The last step is ${\bf w \langle m \rangle  = w \odot t}$, as described
in Section~\ref{accummask}, except that all the
terms are column vectors instead of matrices.

\paragraph{\bf Performance considerations:} % u'=u'*A
If the \verb'GrB_STORAGE_ORIENTATION_HINT' of \verb'A' is \verb'GrB_ROWMAJOR', and the default
descriptor is used (\verb'A' is not transposed), then \verb'GrB_vxm' is faster
than than \verb'GrB_mxv' with its default descriptor, when the vector \verb'u'
is very sparse.
However, if the \verb'GrB_STORAGE_ORIENTATION_HINT' of \verb'A' is \verb'GrB_COLMAJOR', then
\verb'GrB_mxv' with its default descriptor is faster than \verb'GrB_vxm' with
its default descriptor, when the vector \verb'u' is very sparse.

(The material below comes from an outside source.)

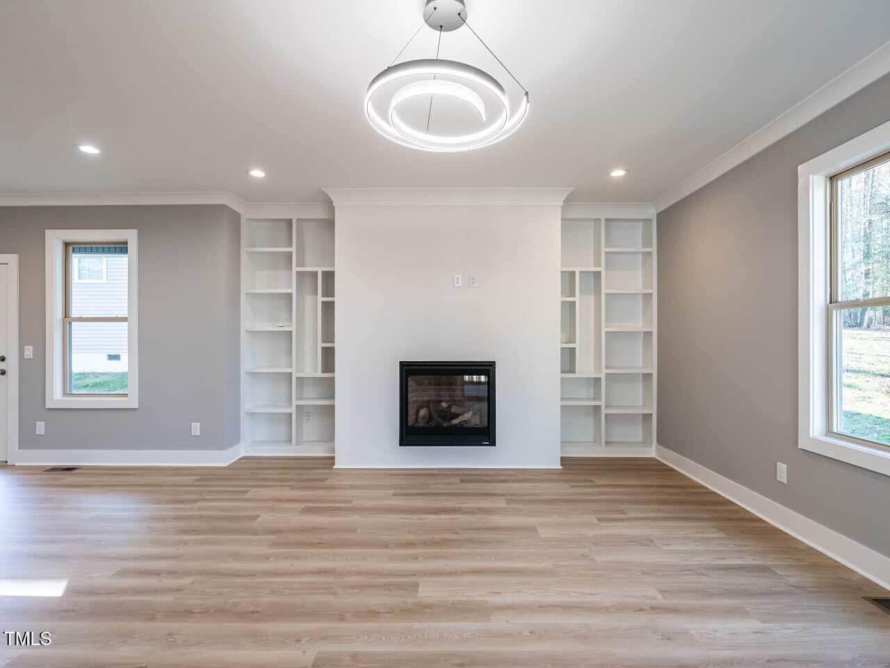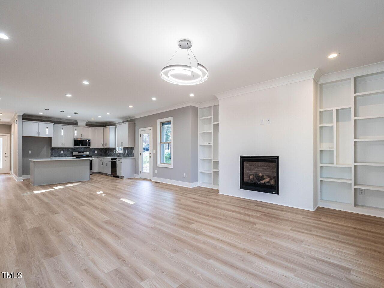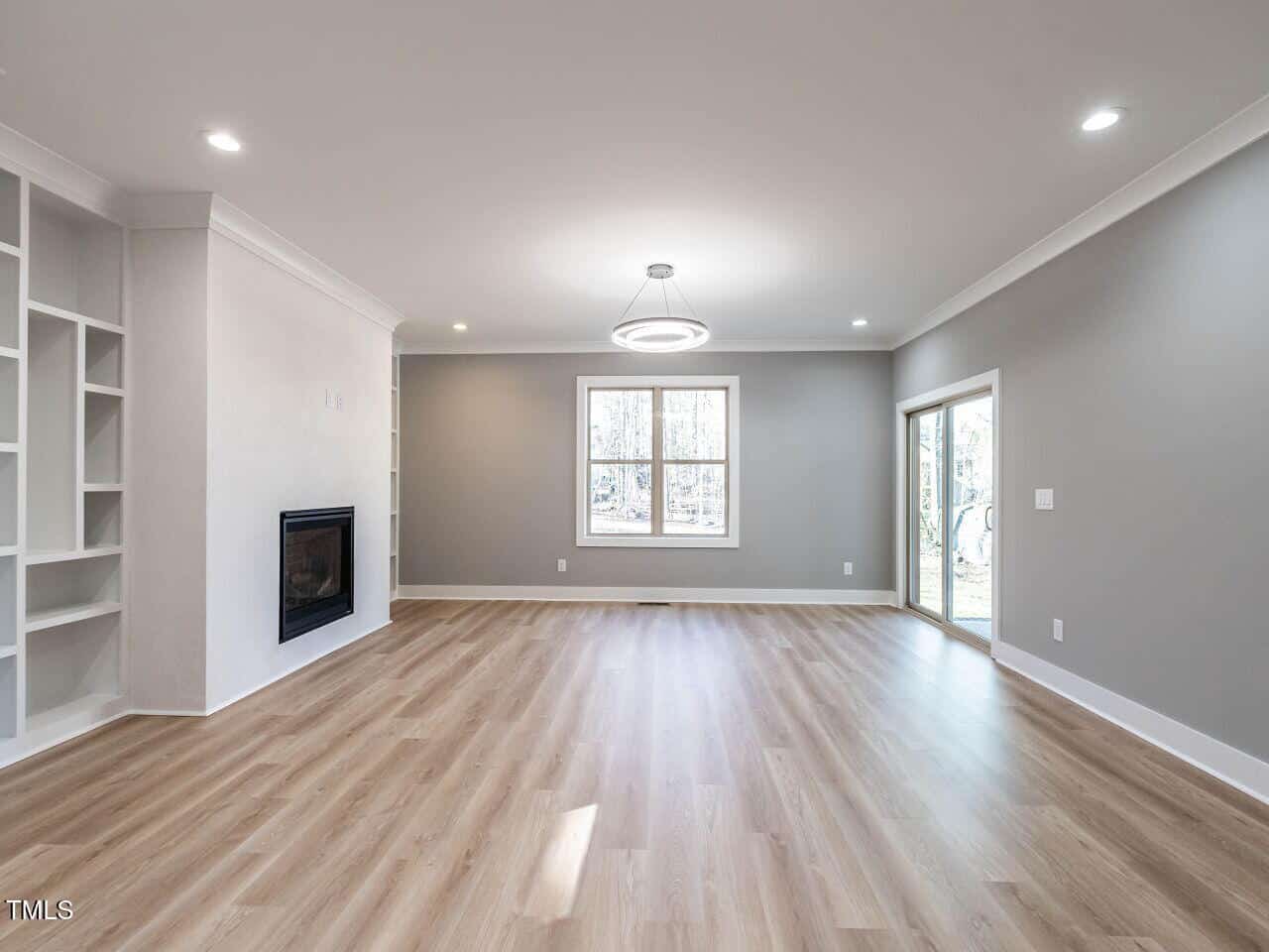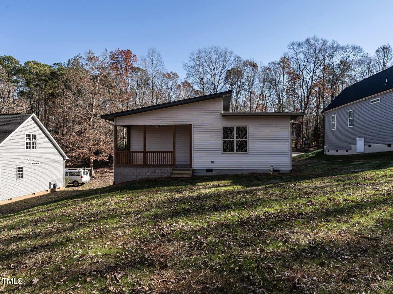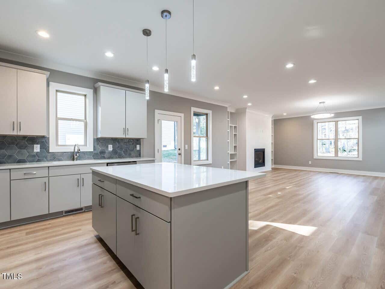 Classic Mid Century modern Ranch design by Lilium Homes. Open floor plan with large kitchen with center island, gas range & large pantry. Family room has built in shelves surrounding the gas fireplace and opens to large covered porch overlooking level back yard. LVL floors everywhere but bedrooms. Custom built closets and trim work throughout home. Spacious primary suite offers his and hers closets, zero entry shower w/double vanity. This plan has a side friend door for convenience. Builder offering a 10 Year Limited Warranty.

Using the non-default \verb'GrB_TRAN' descriptor for \verb'A' makes the
\verb'GrB_vxm' operation equivalent to \verb'GrB_mxv' with its default
descriptor (with the operands reversed in the multiplier, as well).  The
reverse is true as well; \verb'GrB_mxv' with \verb'GrB_TRAN' is the same as
\verb'GrB_vxm' with a default descriptor.